Supplied information –
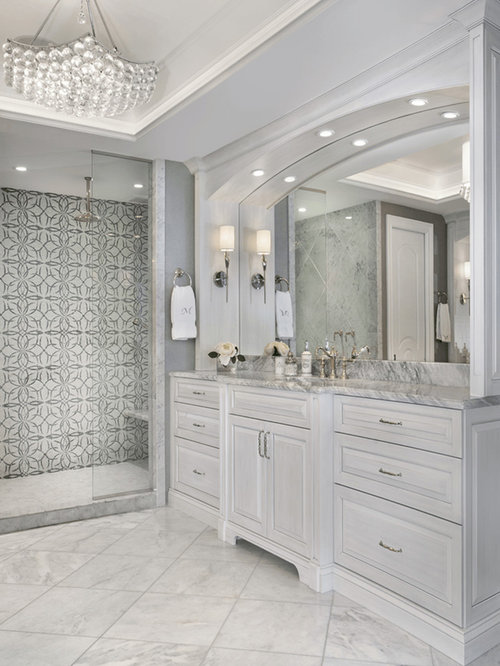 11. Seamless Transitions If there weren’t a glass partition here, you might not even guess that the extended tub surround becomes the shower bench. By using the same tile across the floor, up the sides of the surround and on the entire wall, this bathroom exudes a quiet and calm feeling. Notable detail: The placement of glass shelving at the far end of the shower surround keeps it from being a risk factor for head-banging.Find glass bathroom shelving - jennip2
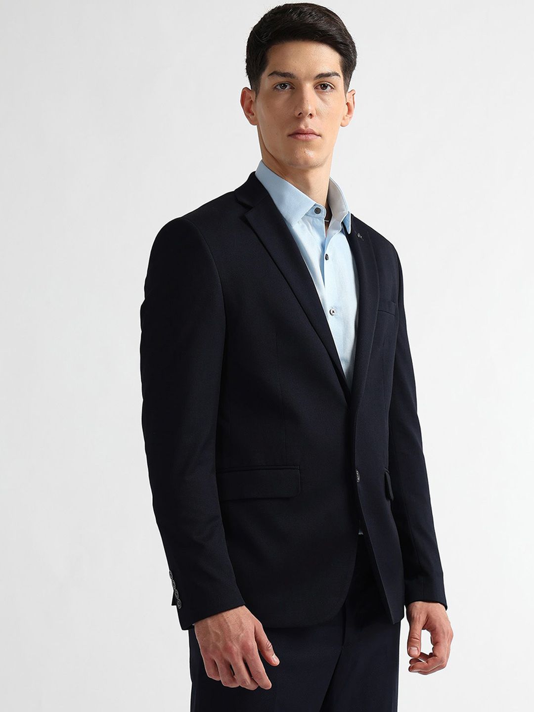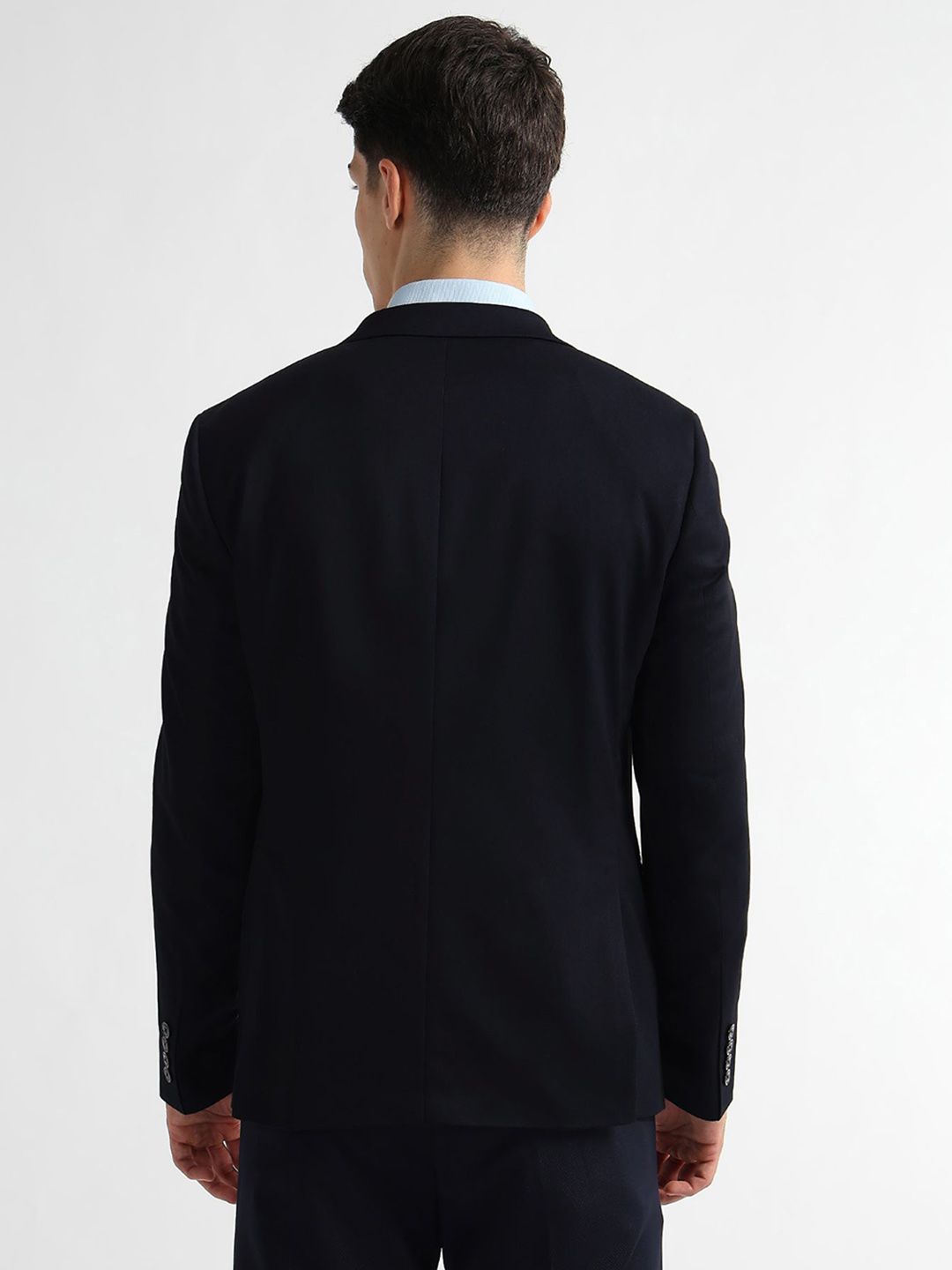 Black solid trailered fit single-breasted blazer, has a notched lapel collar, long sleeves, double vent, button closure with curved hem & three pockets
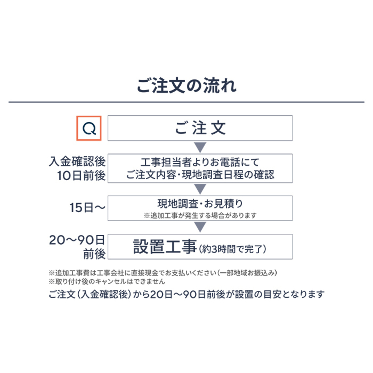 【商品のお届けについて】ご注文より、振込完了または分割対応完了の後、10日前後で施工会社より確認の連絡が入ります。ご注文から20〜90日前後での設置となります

What is required – Reproduce the whole of the data, word for word, and omit its pictures.

Problem solution –
 11. Seamless Transitions If there weren’t a glass partition here, you might not even guess that the extended tub surround becomes the shower bench. By using the same tile across the floor, up the sides of the surround and on the entire wall, this bathroom exudes a quiet and calm feeling. Notable detail: The placement of glass shelving at the far end of the shower surround keeps it from being a risk factor for head-banging.Find glass bathroom shelving - jennip2
 Black solid trailered fit single-breasted blazer, has a notched lapel collar, long sleeves, double vent, button closure with curved hem & three pockets
 【商品のお届けについて】ご注文より、振込完了または分割対応完了の後、10日前後で施工会社より確認の連絡が入ります。ご注文から20〜90日前後での設置となります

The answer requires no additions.